_AIM OF THE TASK_
Word for word, restate the listing; omit the pictures.

_SUPPLIED DATA_
____

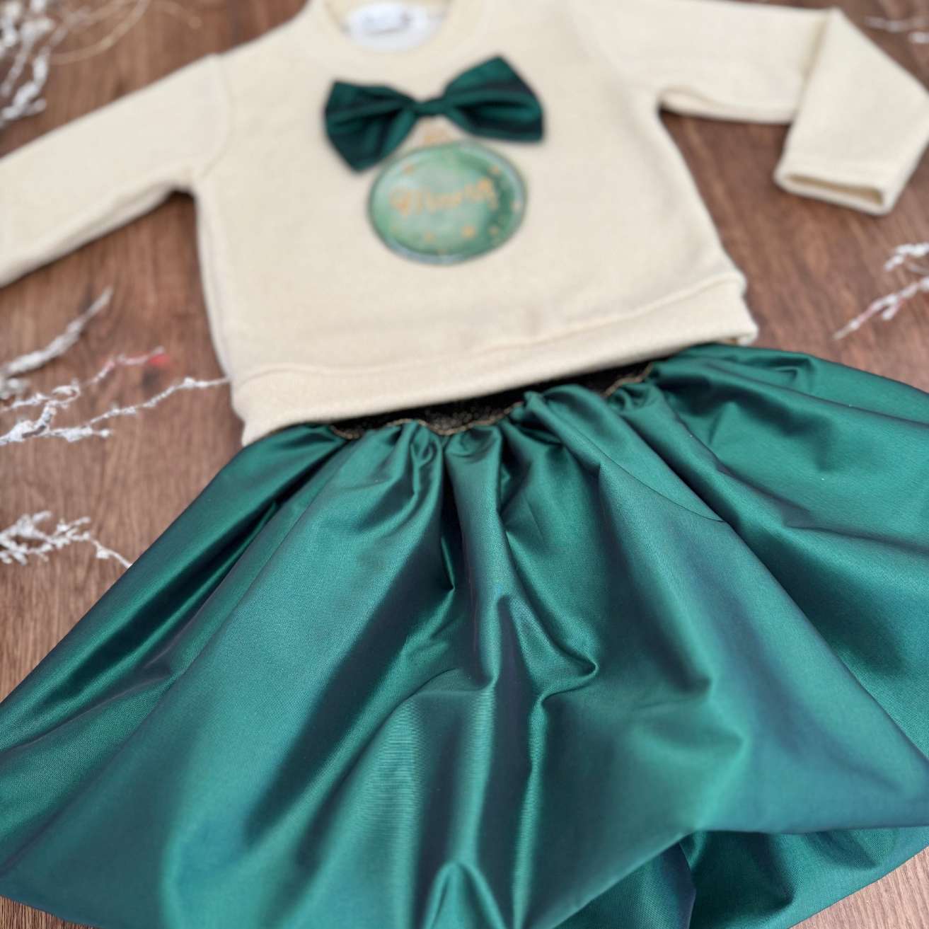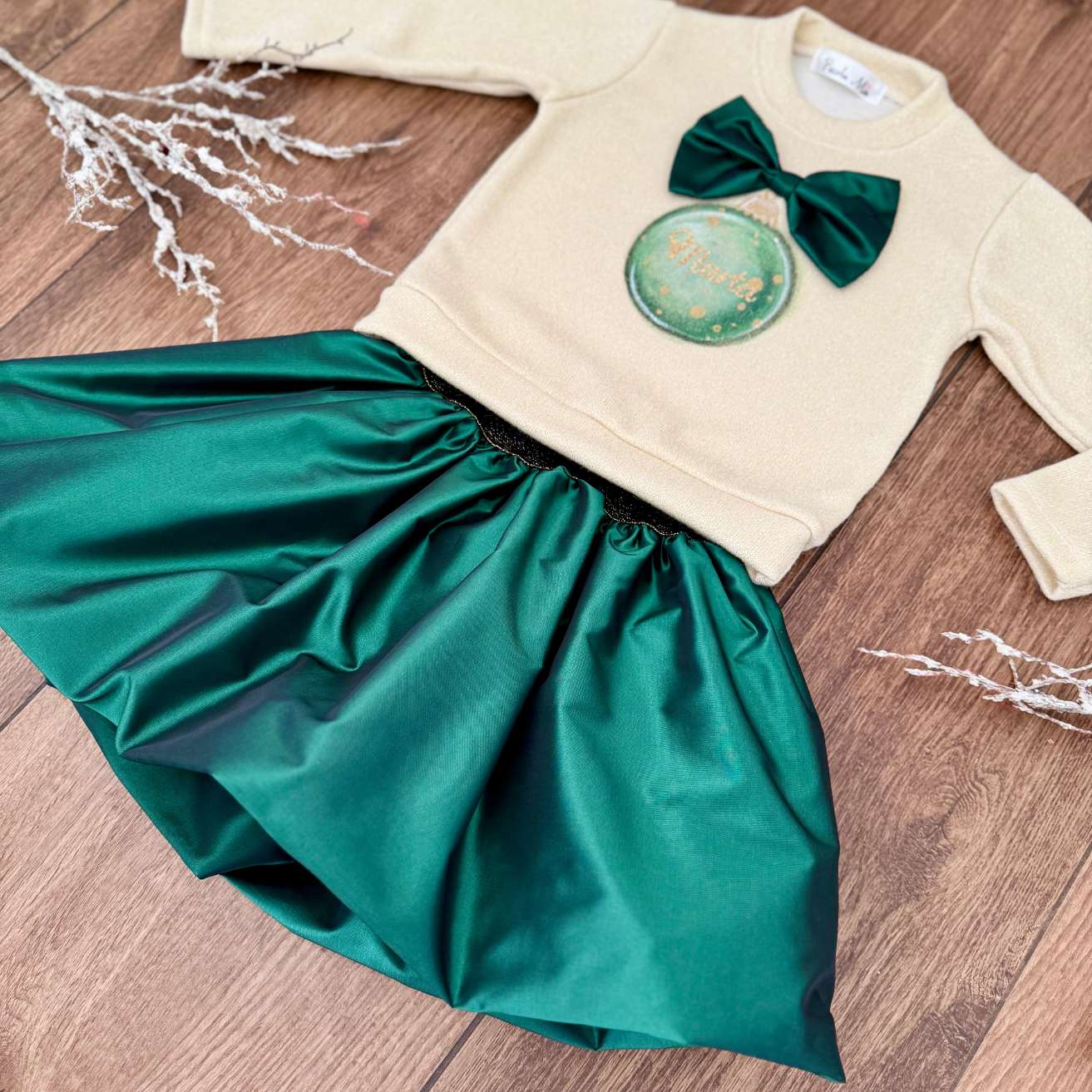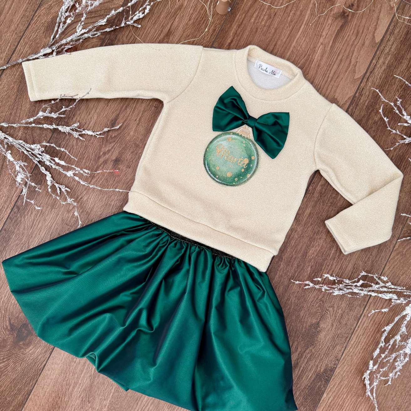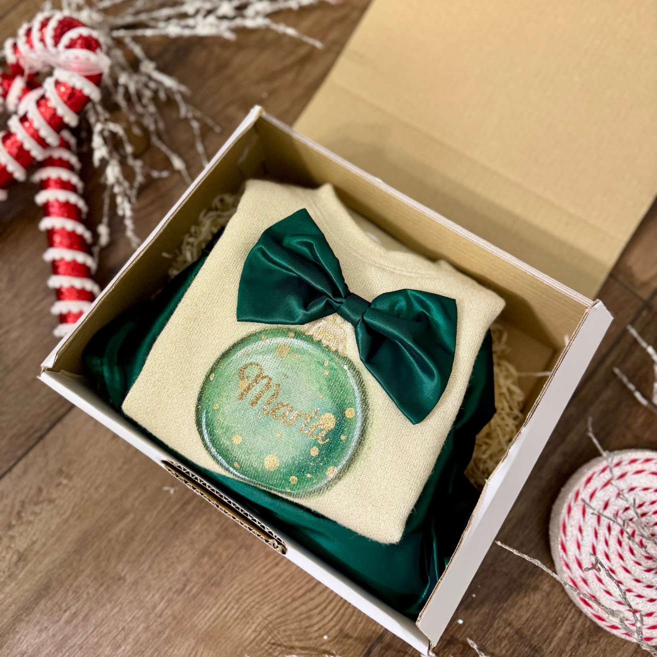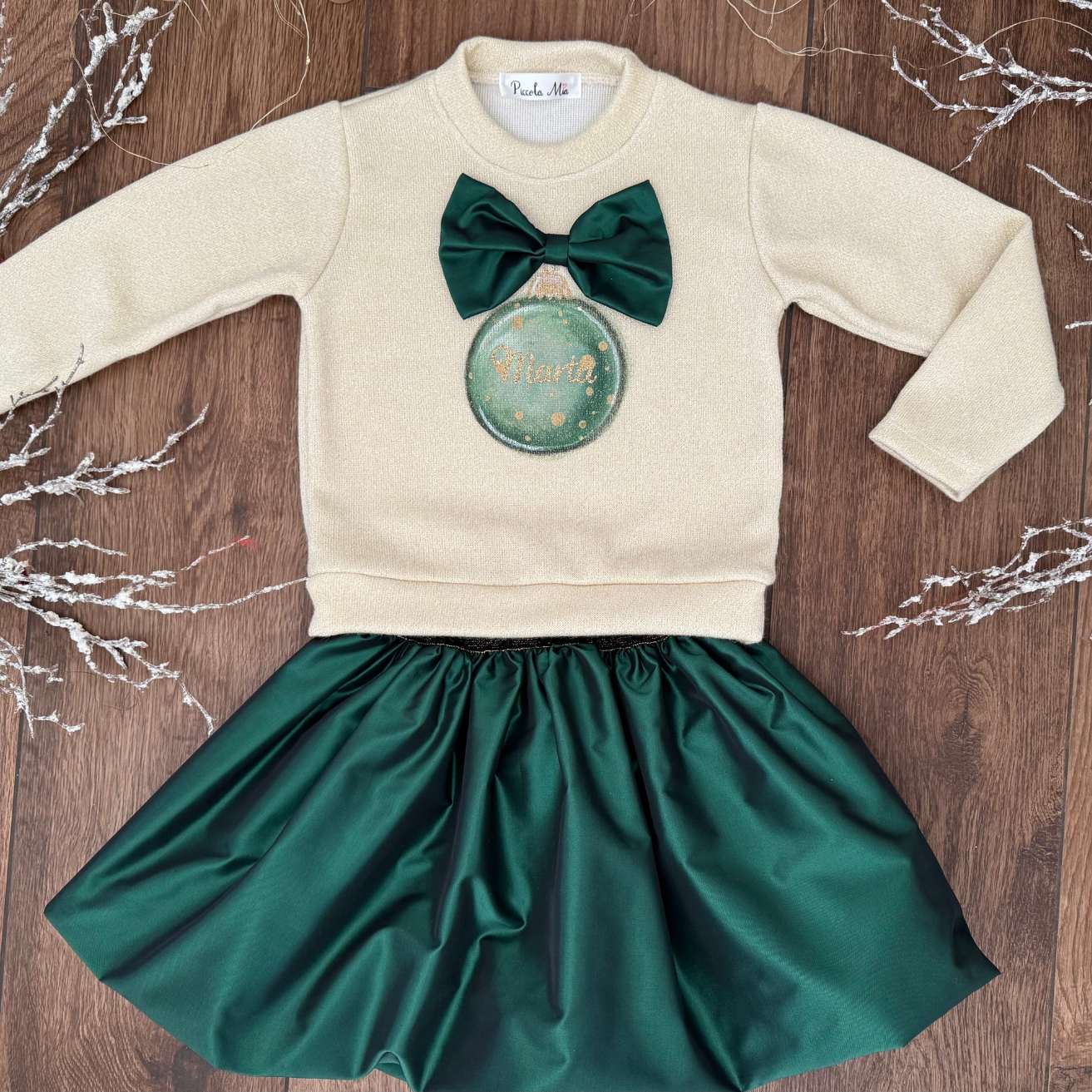 - Maglia morbida in lurex oro, con palla natalizia dipinta a mano, personalizzabile con il nome in glitter oro. Arricchita da maxi fiocco taffetà riapplicato
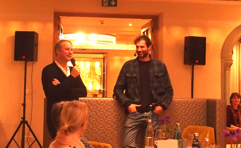 Takis Würger hat sich mittlerweile unter die Gäste gemischt, die er vor allem aufgrund seiner körperlichen Größe überragt. Ansonsten wirkt er, als sei er gerade mal eben zufällig zum gemeinsamen Essen unter Freunden gelandet und berichtet freimütig über die Wellen, die sein Buch seit wenigen Wochen schlägt. Er bemerkt die „ungeheure, verblüffende Härte der Rezensionen“ einerseits und die „Riesen-Unterstützung der Leser und Buchhändler“ andererseits. Die beschriebene Diskrepanz äußere sich in Fragen und Kommentaren. Als Kostprobe zitiert Würger die Mitarbeiterin eines Verlages: „Ich habe dieses Buch geliebt! Bin ich deshalb dumm?“
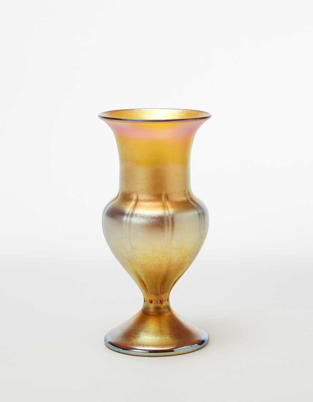 Tiffany Vaso a balaustro con corpo scanalato in vetro "Favrile". New York, prima metà del sec XX. Firmato "L.C.Tiffany-Favrile" sotto la base e numerato 1553 (h cm 22) (lievi difetti)
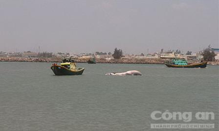 Lúc 6 giờ, ngày 3-4, tàu cá của anh Nguyễn Đỗ Hùng Tấn (29 tuổi), ngụ khu phố 8, phường Phú Trinh, TP.Phan Thiết (Bình Thuận) khi đang đánh bắt ngoài khơi cách bờ biển Phan Thiết khoảng 6 hải lý thì phát hiện xác một con cá voi (ngư dân gọi bằng cá Ông) trôi trên biển.

____

_EXERCISE RESPONSE_
 - Maglia morbida in lurex oro, con palla natalizia dipinta a mano, personalizzabile con il nome in glitter oro. Arricchita da maxi fiocco taffetà riapplicato
 Takis Würger hat sich mittlerweile unter die Gäste gemischt, die er vor allem aufgrund seiner körperlichen Größe überragt. Ansonsten wirkt er, als sei er gerade mal eben zufällig zum gemeinsamen Essen unter Freunden gelandet und berichtet freimütig über die Wellen, die sein Buch seit wenigen Wochen schlägt. Er bemerkt die „ungeheure, verblüffende Härte der Rezensionen“ einerseits und die „Riesen-Unterstützung der Leser und Buchhändler“ andererseits. Die beschriebene Diskrepanz äußere sich in Fragen und Kommentaren. Als Kostprobe zitiert Würger die Mitarbeiterin eines Verlages: „Ich habe dieses Buch geliebt! Bin ich deshalb dumm?“
 Tiffany Vaso a balaustro con corpo scanalato in vetro "Favrile". New York, prima metà del sec XX. Firmato "L.C.Tiffany-Favrile" sotto la base e numerato 1553 (h cm 22) (lievi difetti)
 Lúc 6 giờ, ngày 3-4, tàu cá của anh Nguyễn Đỗ Hùng Tấn (29 tuổi), ngụ khu phố 8, phường Phú Trinh, TP.Phan Thiết (Bình Thuận) khi đang đánh bắt ngoài khơi cách bờ biển Phan Thiết khoảng 6 hải lý thì phát hiện xác một con cá voi (ngư dân gọi bằng cá Ông) trôi trên biển.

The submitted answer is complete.